Sifat khas rantai makanan mempunyai pengaruh yang penting dalam  menentukan jumlah produksi ikan di beberapa area. Sebagai contoh produksi ikan di beberapa area dimana terjadi upwelling menunjukkan hasil yang melimpah jika  dibandingkan dengan bagian laut yang lain. Pertama, hal ini disebabkan karena  hasil produksi primer yang tinggi oleh banyaknya fitoplankton. Kedua, di daerah upwelling perpindahan bahan dari satu trofik level ke trofik level berikutnya dalam rantai makanan terjadi lebih efisien jika dibandingkan dengan tempat-tempat yang lain. Pertimbangan yang lain adalah jumlah trofik level yang ada di dalam rantai makanan. Banyak tempat dimana terjadi upwelling hanya mempunyai dua atau tiga trofik level antara ikan dengan fitoplankton jika dibandingkan dengan daerah lautan lain yang kadang-kadang sampai enam tingkatan. Makin pendek rantai makanan akan menghasilkan produksi ikan yang makin tinggi. Hal ini disebabkan karena mereka dapat menghindari kehilangan bahan-bahan organik yang seharusnya dipergunakan untuk menambah setiap kenaikan trofik level pada sistem rantai makanan yang lebih besar. Akibatnya makin besar jumlah bahan-bahan produksi yang dihasilkan oleh produsen utama yang menjadi terikat ke dalam jaringan tubuh ikan.Berikut adalah gambar mengenai perpindahan energi pada daerah-daerah yang memunyai trofik level berbeda dalam sistem rantai makanan.

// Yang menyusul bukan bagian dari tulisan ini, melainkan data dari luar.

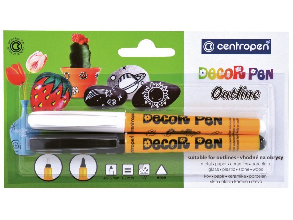Fixy na kontury Decor Pen Outline Centropen 2628, černá a bílá
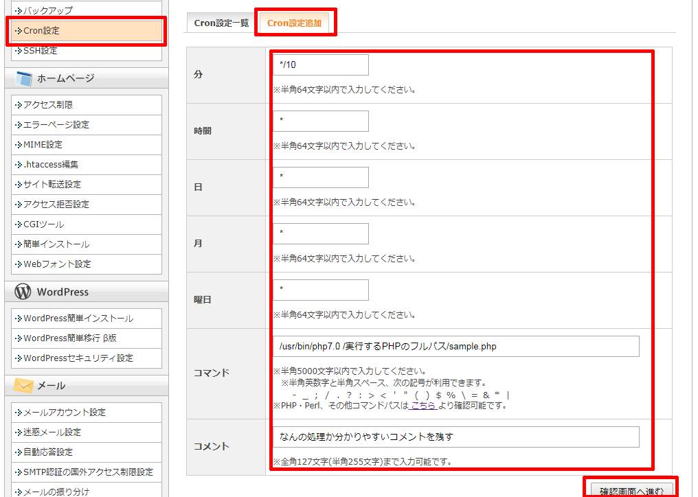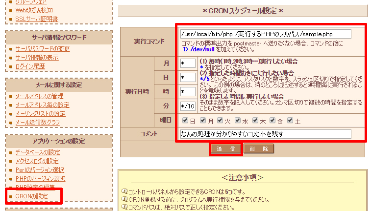PHP7.0を選択したので、コマンドには「/usr/bin/php7.0 /実行するPHPのフルパス/sample.php」のように書いています。
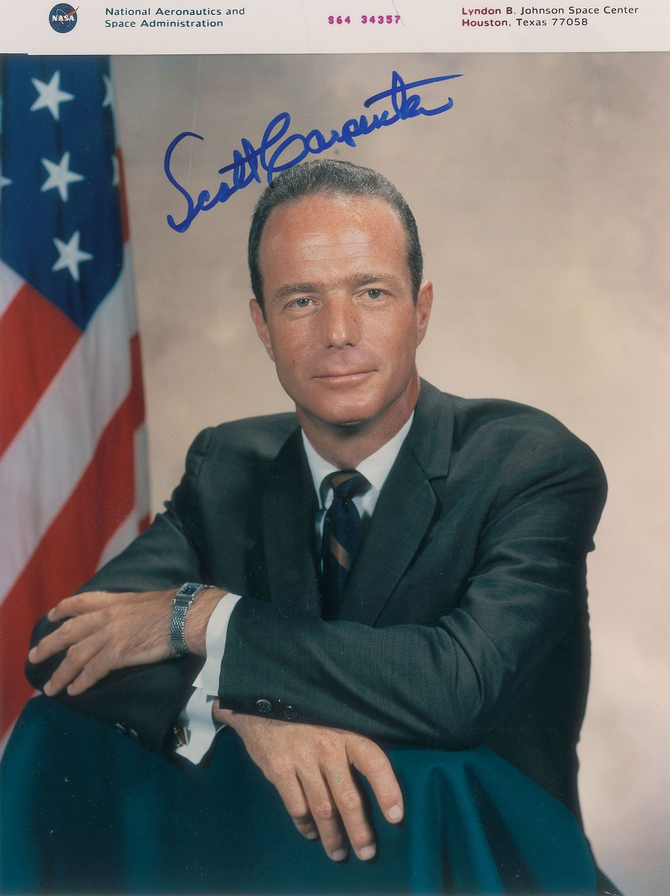 Official color glossy 8 x 10.5 red-numbered NASA photo of Carpenter in formal attire, signed in blue felt tip. Reverse bears black NASA caption text and "Kodak Professional" watermarks. In fine condition.
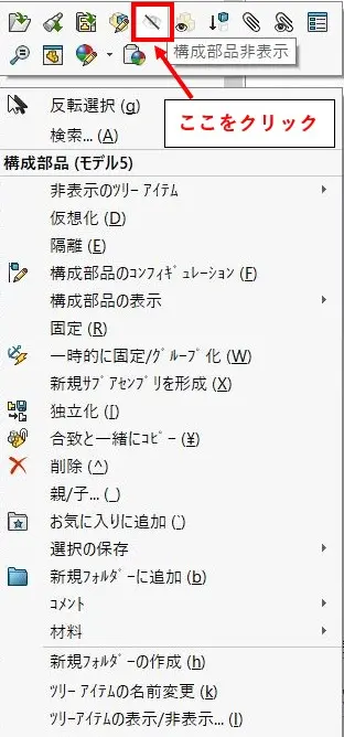 メニューが出てくるので「構成部品非表示」(目のイラストに斜線が入っているもの)をクリックすると部品が非表示になります。
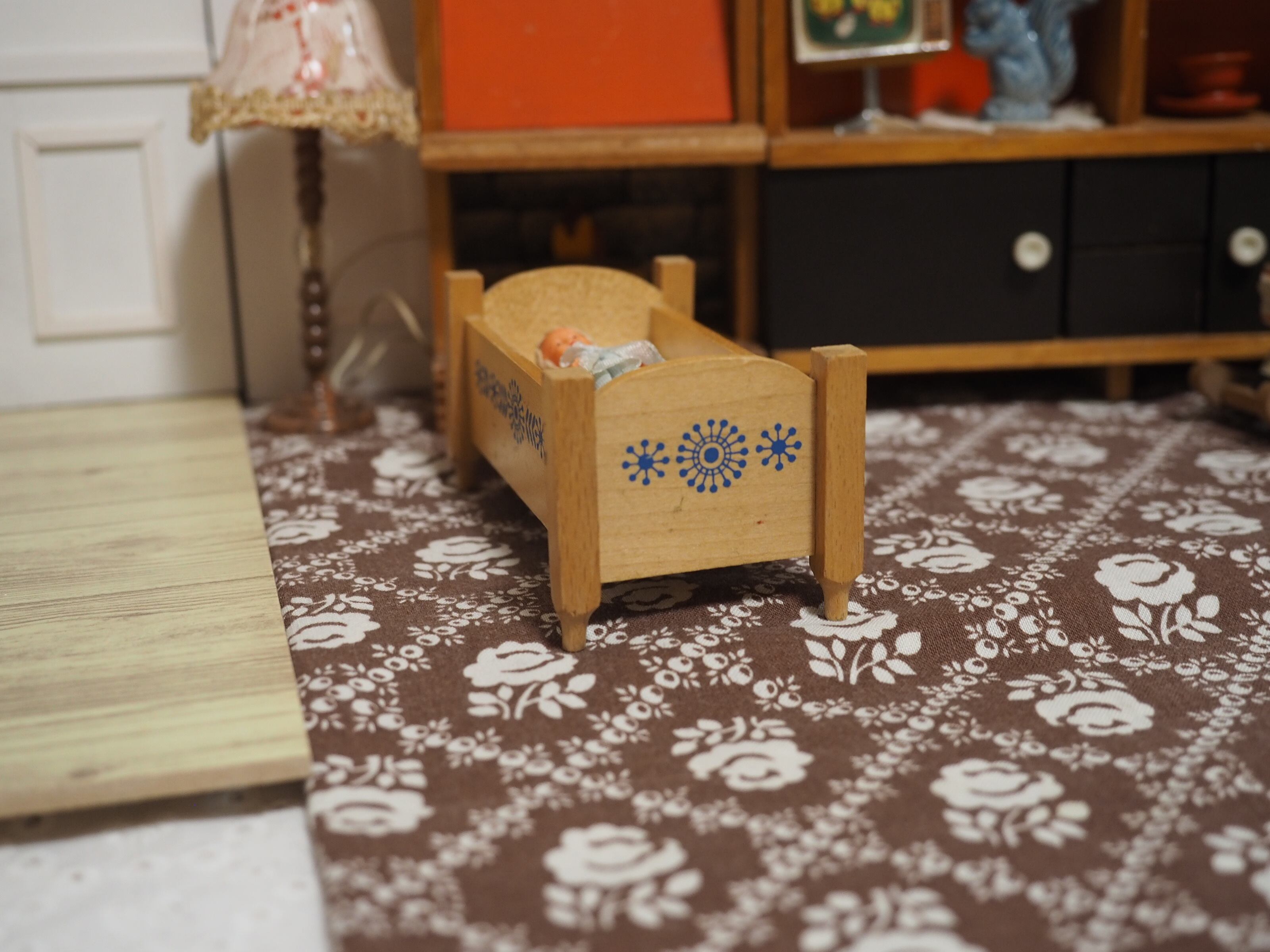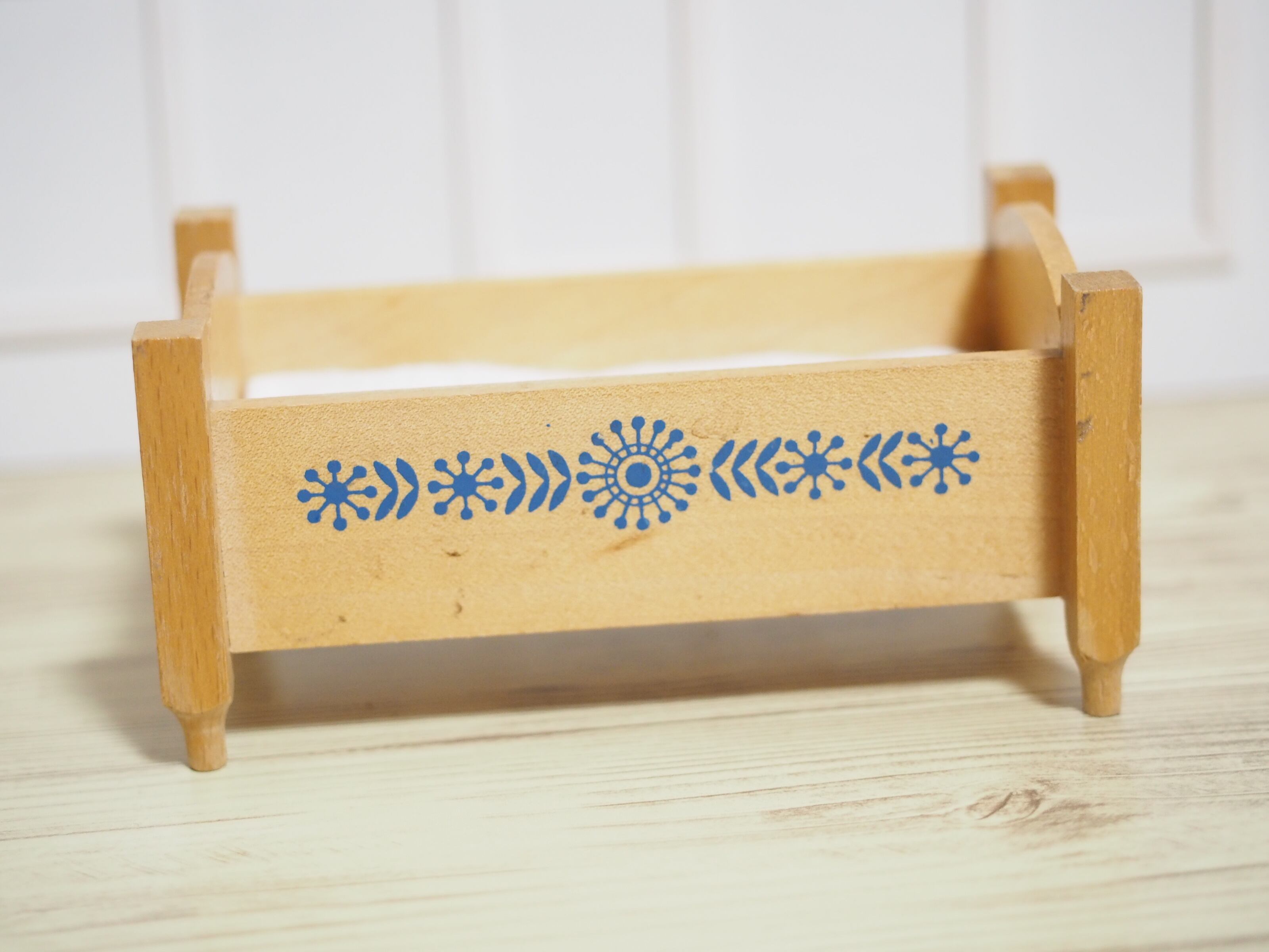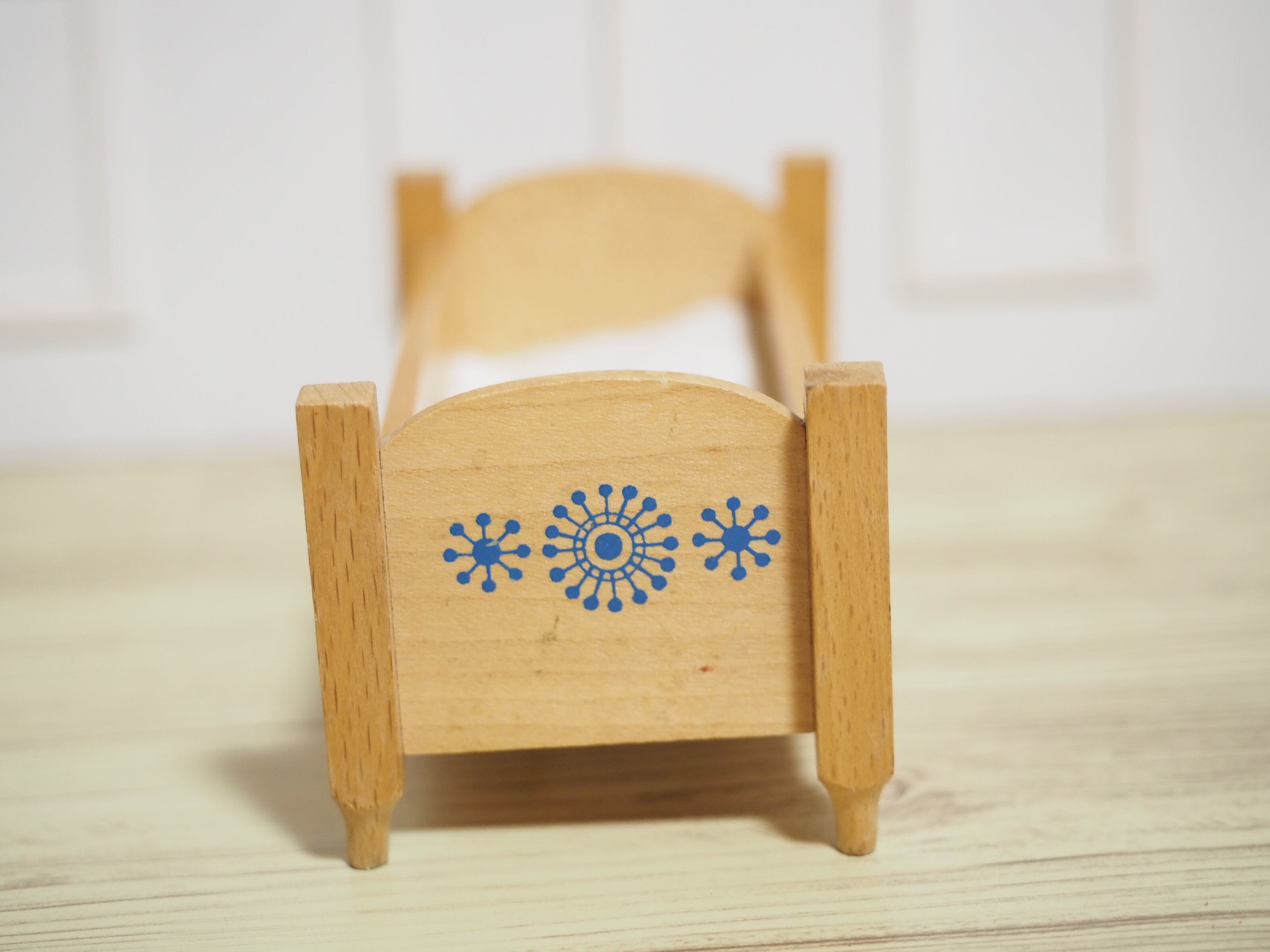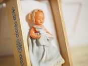 体長5.5㎝の小さなベビーと木製ベッドのセットです。
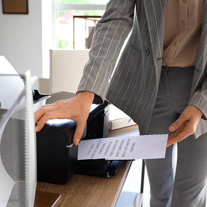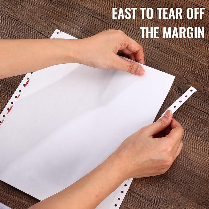 - Continuous Feed Computer Paper: engineered for dot matrix printers, our computer printer paper maintains excellent ink retention with zero damage; The wood pulp construction ensures smooth feeding through most impact printers; Left and right margins with tractor feed holes for uninterrupted printing for lengthy documents and report
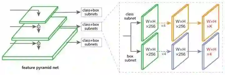 在RetinaNet的基础上,FSAF模块引入了2个额外的卷积层,这两个卷积层各自负责anchor-free分支的分类和回归预测。具体的,在分类子网络中,feature map后面跟着K个3x3的卷积层和sigmoid,在回归子网络中,feature map后面跟着4个3x3的卷积层和ReLU。
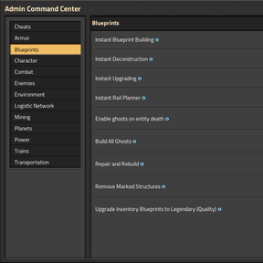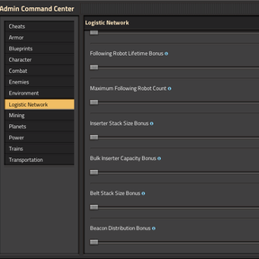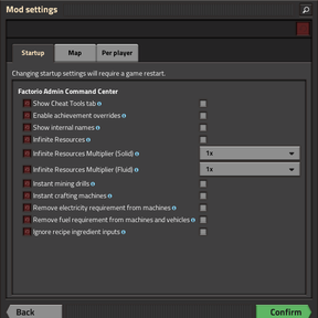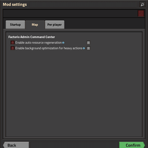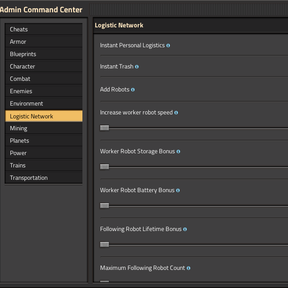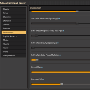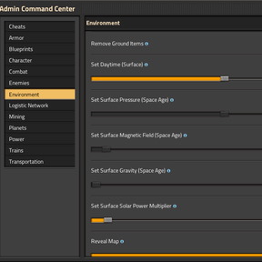 factorio-admin-command-center-locales >= 1.3.8 - ๐ฅ In multiplayer, admin tools are available to admins only.
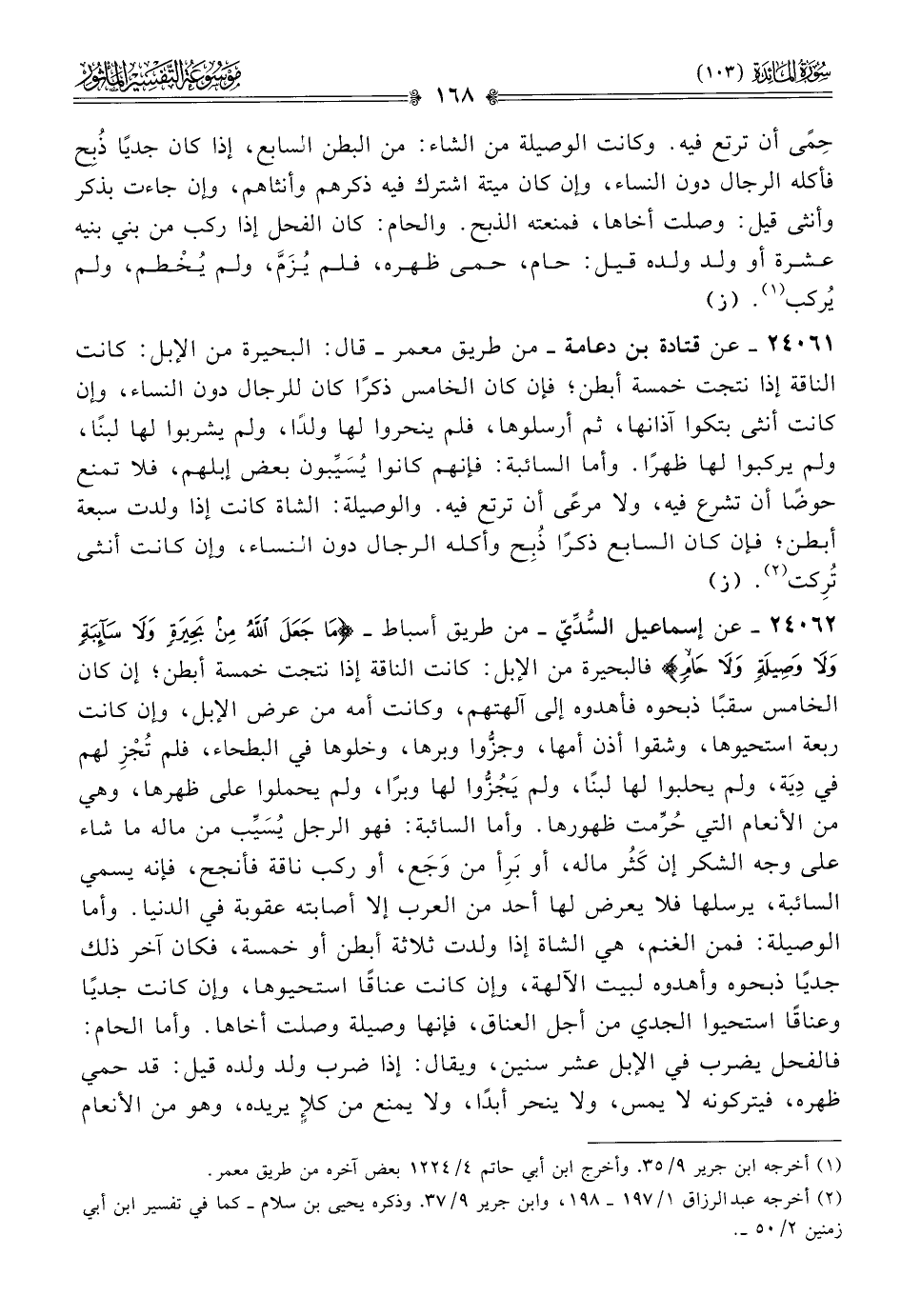 ٢٤٠٦٢ - عن إسماعيل السُّدِّيّ -من طريق أسباط- {ما جعل الله من بحيرة ولا سائبة ولا وصيلة ولا حام} فالبحيرة من الإبل: كانت الناقة إذا نتجت خمسة أبطن؛ إن كان الخامس سقبًا ذبحوه فأهدوه إلى آلهتهم، وكانت أمه من عرض الإبل، وإن كانت ربعة استحيوها، وشقوا أذن أمها، وجزُّوا وبرها، وخلوها في البطحاء، فلم تُجْزِ لهم في دِيَة، ولم يحلبوا لها لبنًا، ولم يَجُزُّوا لها وبرًا، ولم يحملوا على ظهرها، وهي من الأنعام التي حُرِّمت ظهورها. وأما السائبة: فهو الرجل يُسَيِّب من ماله ما شاء على وجه الشكر إن كَثُر ماله، أو بَرِأ من وجَع، أو ركب ناقة فأنجح، فإنه يسمي السائبة، يرسلها فلا يعرض لها أحد من العرب إلا أصابته عقوبة في الدنيا. وأما الوصيلة: فمن الغنم، هي الشاة إذا ولدت ثلاثة أبطن أو خمسة، فكان آخر ذلك جديًا ذبحوه وأهدوه لبيت الآلهة، وإن كانت عناقًا استحيوها، وإن كانت جديًا وعناقًا استحيوا الجدي من أجل العناق، فإنها وصيلة وصلت أخاها. وأما الحام: فالفحل يضرب في الإبل عشر سنين، ويقال: إذا ضرب ولد ولده قيل: قد حمي ظهره، فيتركونه لا يمس، ولا ينحر أبدًا، ولا يمنع من كلإٍ يريده، وهو من الأنعام
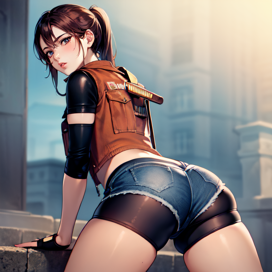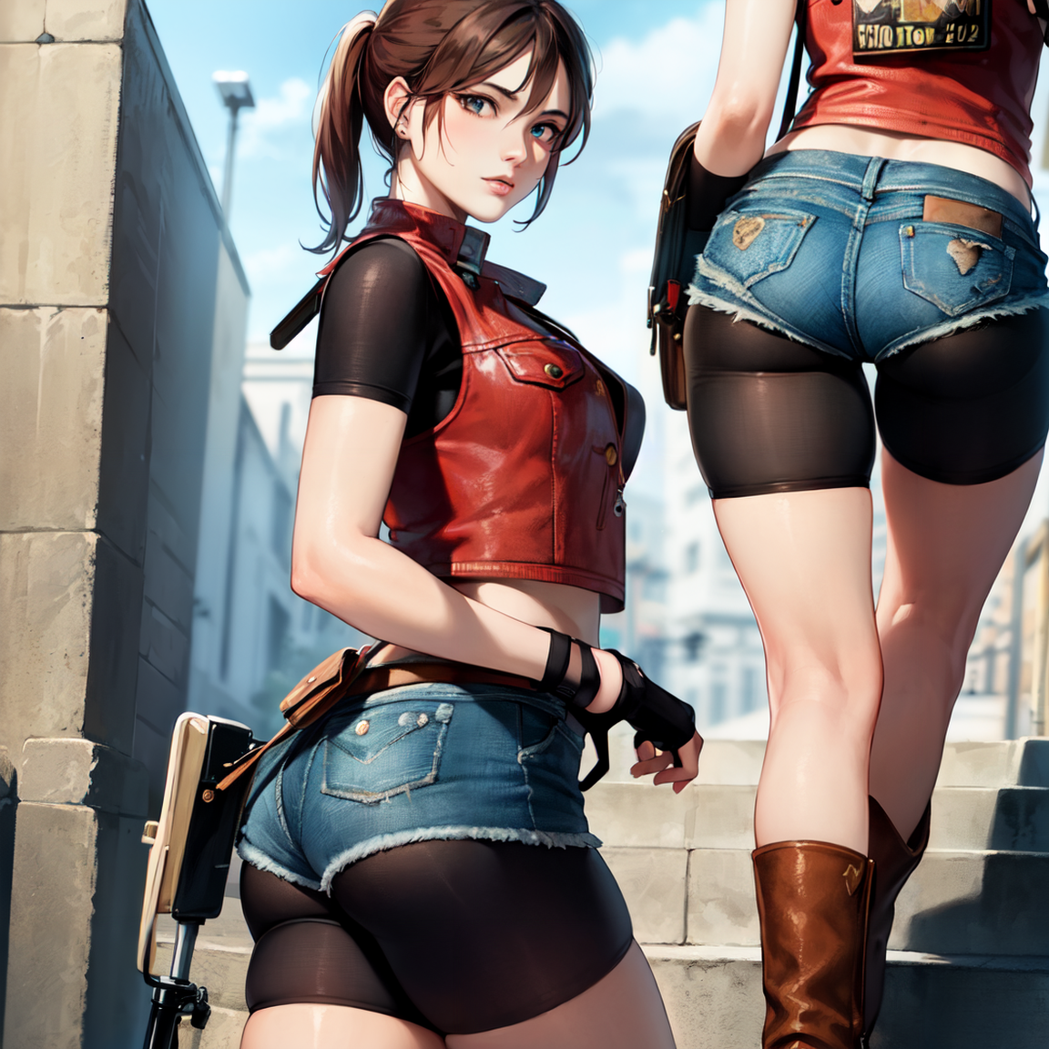 RE 2 classic costume: re2costume, fingerless gloves, boots, bike shorts, denim shorts
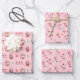 Feuille De Papier Cadeau Flamingo de Noël sur rose

Diagram perpindahan jumlah energi pada trofik level berbeda dalam
sistem rantai makanan (Meadows dan Campbell 1978 in Hutabarat S dan Evans S.M. 2008)


2.2 Karakteristik Zona Intertidal

            Karakteristik daerah intertidal beragam berdasarkan tipe susbstrat, rataan atau morfologi pantai, luas atau lebar area, dan kemiringan pantai. Hal ini menyebabkan.keragaman kepadatan biota dan persen tutupan komunitas intertidal realtiff tinggi yang ditunjukkan oleh simpangan baku yang tinggi.Meskipun demikian komposisi biota dan komunitas intertidal, relatif sama.. Komunitas intertidal di Puna lebih dominan kelompok “grazer” dan populasi biota seperti kelompok moluska (Littorina, Neritadan Crassostrea) dan kelompok echinodermata (bulu babi dan bintang laut) sangat dominan.Umumnya hewan-hewan grazerakan sangat tergantung dengan keberadaan produser (rumput laut atau lamun) (Lesser, 2011)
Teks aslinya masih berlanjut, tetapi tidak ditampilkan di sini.